## TASK DIRECTIONS
Every line below from the one with "新升級!相容更大管徑,內附4款墊片適用管徑:22.2 / 25.4" through the one with "Детские погремушки для" is to be repeated exactly, with no picture among them.

## ENTRIES PROVIDED
___

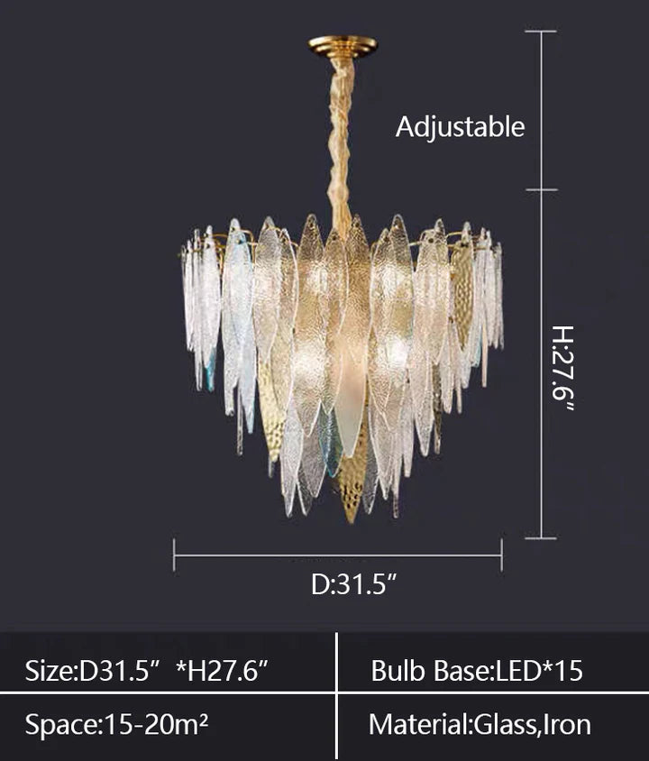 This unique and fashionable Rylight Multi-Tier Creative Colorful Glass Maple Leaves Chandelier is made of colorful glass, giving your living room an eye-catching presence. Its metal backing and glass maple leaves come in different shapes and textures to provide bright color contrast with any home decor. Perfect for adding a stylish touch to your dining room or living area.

___

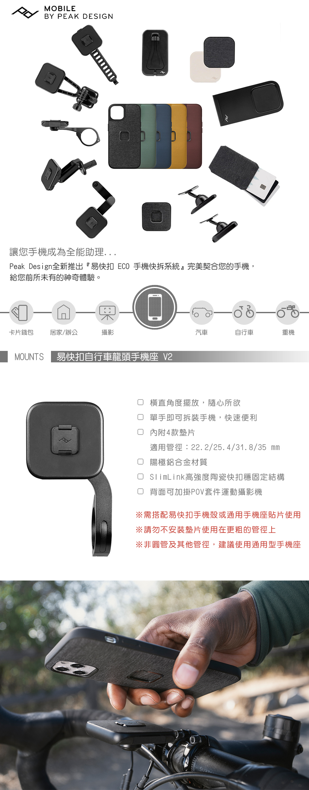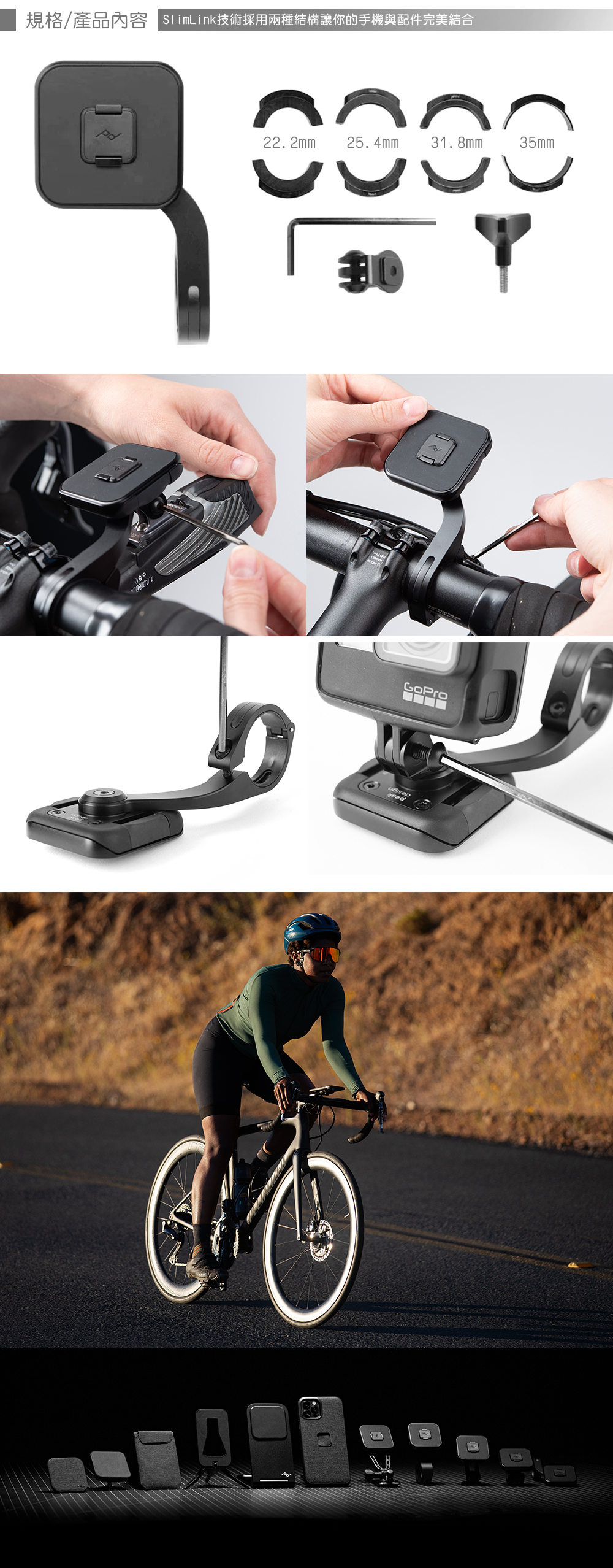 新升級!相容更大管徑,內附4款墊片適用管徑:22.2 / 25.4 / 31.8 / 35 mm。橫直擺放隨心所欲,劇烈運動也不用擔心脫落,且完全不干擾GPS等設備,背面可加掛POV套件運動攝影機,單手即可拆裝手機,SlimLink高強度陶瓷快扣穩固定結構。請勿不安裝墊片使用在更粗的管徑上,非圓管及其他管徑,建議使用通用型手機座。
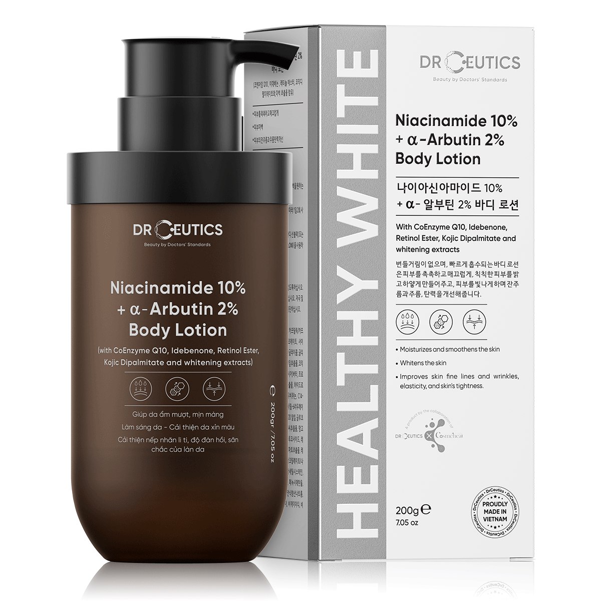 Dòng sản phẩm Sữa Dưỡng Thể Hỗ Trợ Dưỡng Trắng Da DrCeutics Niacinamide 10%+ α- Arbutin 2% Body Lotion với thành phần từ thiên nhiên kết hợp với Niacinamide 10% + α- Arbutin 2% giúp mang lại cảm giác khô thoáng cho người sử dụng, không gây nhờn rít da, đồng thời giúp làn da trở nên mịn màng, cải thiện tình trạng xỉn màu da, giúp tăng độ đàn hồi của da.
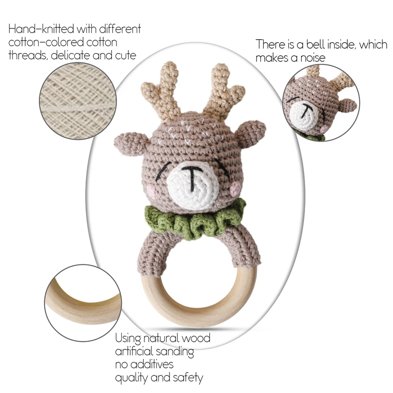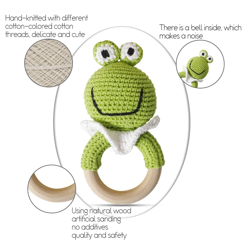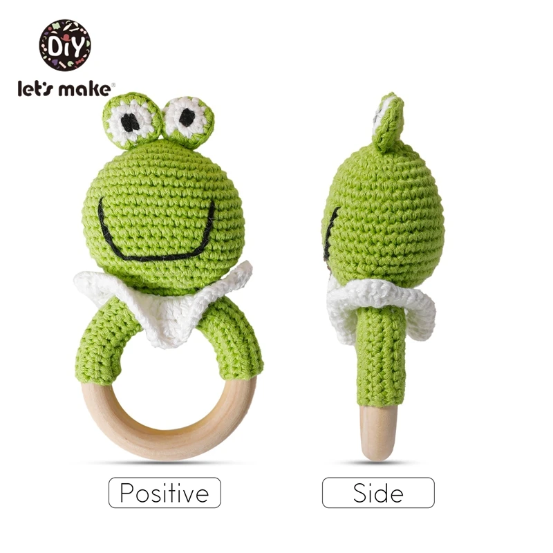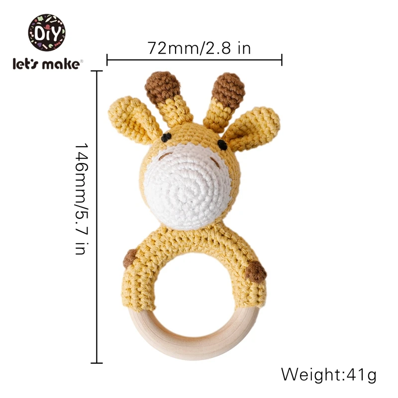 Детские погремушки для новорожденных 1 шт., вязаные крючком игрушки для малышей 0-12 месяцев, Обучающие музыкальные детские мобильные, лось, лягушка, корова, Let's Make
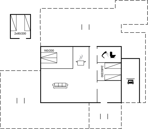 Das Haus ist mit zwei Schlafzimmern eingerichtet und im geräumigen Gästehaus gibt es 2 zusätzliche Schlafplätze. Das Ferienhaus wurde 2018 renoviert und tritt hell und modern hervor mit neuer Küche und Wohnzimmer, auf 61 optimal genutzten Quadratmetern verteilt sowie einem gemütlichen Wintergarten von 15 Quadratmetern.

___

## OUTPUT FOR THIS EXERCISE
 新升級!相容更大管徑,內附4款墊片適用管徑:22.2 / 25.4 / 31.8 / 35 mm。橫直擺放隨心所欲,劇烈運動也不用擔心脫落,且完全不干擾GPS等設備,背面可加掛POV套件運動攝影機,單手即可拆裝手機,SlimLink高強度陶瓷快扣穩固定結構。請勿不安裝墊片使用在更粗的管徑上,非圓管及其他管徑,建議使用通用型手機座。
 Dòng sản phẩm Sữa Dưỡng Thể Hỗ Trợ Dưỡng Trắng Da DrCeutics Niacinamide 10%+ α- Arbutin 2% Body Lotion với thành phần từ thiên nhiên kết hợp với Niacinamide 10% + α- Arbutin 2% giúp mang lại cảm giác khô thoáng cho người sử dụng, không gây nhờn rít da, đồng thời giúp làn da trở nên mịn màng, cải thiện tình trạng xỉn màu da, giúp tăng độ đàn hồi của da.
 Детские погремушки для новорожденных 1 шт., вязаные крючком игрушки для малышей 0-12 месяцев, Обучающие музыкальные детские мобильные, лось, лягушка, корова, Let's Make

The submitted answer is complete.